主要组织相容性复合体(MHC)I类链相关基因A(MICA)位于HLA - B着丝粒方向46 kb处,编码一种应激诱导蛋白。MICA等位基因变异被认为与疾病易感性以及对移植的免疫反应有关。本研究旨在调查中国南方汉族人群中人类白细胞抗原(HLA)- B与MICA基因第5外显子中的(GCT)(n)短串联重复序列(MICA - STR)之间的单倍型多样性和连锁不平衡。在中国南方湖南省收集了58个随机选择的核心家庭,共183名成员,包括85个无关的亲代样本。通过聚合酶链反应 - 序列特异性引物(PCR - SSP)进行HLA - B基因分型,对显示新的HLA - B - MICA - STR连锁的样本通过高分辨率PCR - SSP进一步进行HLA - B等位基因变异分型。通过荧光PCR - 大小测序和PCR - SSP检测MICA - STR等位基因变异和MICA基因缺失(MICADel)。通过家系分离分析确定单倍型。对85个无关亲代样本的数据进行统计分析。在85个无关亲代样本中观察到19种HLA - B特异性和7种MICA - STR等位基因变体,其中最主要的分别是HLA - B46、- B60、- B13和- B15,以及MICAA5、MICAA5.1和MICAA4。
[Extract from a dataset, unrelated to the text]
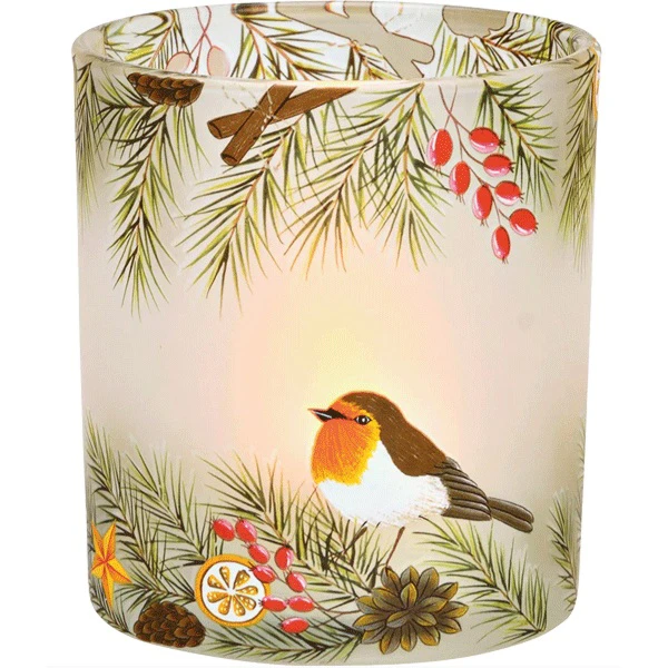 Ein feines Glas-Windlicht, das ein Rotkehlchen zwischen winterlichen Tannenzweigen zeigt, ein Symbol für Hoffnung und Wärme in der kalten Jahreszeit. Sobald ein Teelicht entzündet wird, erstrahlt es in sanftem Licht und sorgt für eine Atmosphäre der Geborgenheit und inneren Ruhe. Ein charmantes und liebevolles Accessoire für Ihre Winter- und Weihnachtsdekoration.

HLA - B、MICA - STR位点的基因型分布符合Hardy - Weinberg平衡。明确确定了所有85个无关亲代样本的HLA - B - MICA - STR单倍型相位,其中包含30种HLA - B、MICA - STR单倍型组合,其中9种在文献中尚未报道。观察到某些HLA - B与MICA - STR等位基因之间存在显著的正连锁不平衡,包括HLA - B13与MICAA4、HLA - B38与MICAA9、HLA - B58与MICAA9、HLA - B46与MICAA5、HLA - B51与MICAA6、HLA - B52与MICAA6以及HLA - B60与MICAA5.1。HLA - B48与MICAA5、MICAA5.1和MICADel连锁。在一个家庭中发现了HLA - B5801 - MICAA10连锁。我们的数据表明,中国南方汉族人群中MICA - STR与HLA - B之间存在高度的单倍型多样性和强烈的连锁不平衡,这些数据将为未来的人类学研究、临床移植中供体 - 受体HLA匹配以及HLA相关疾病关联研究提供参考。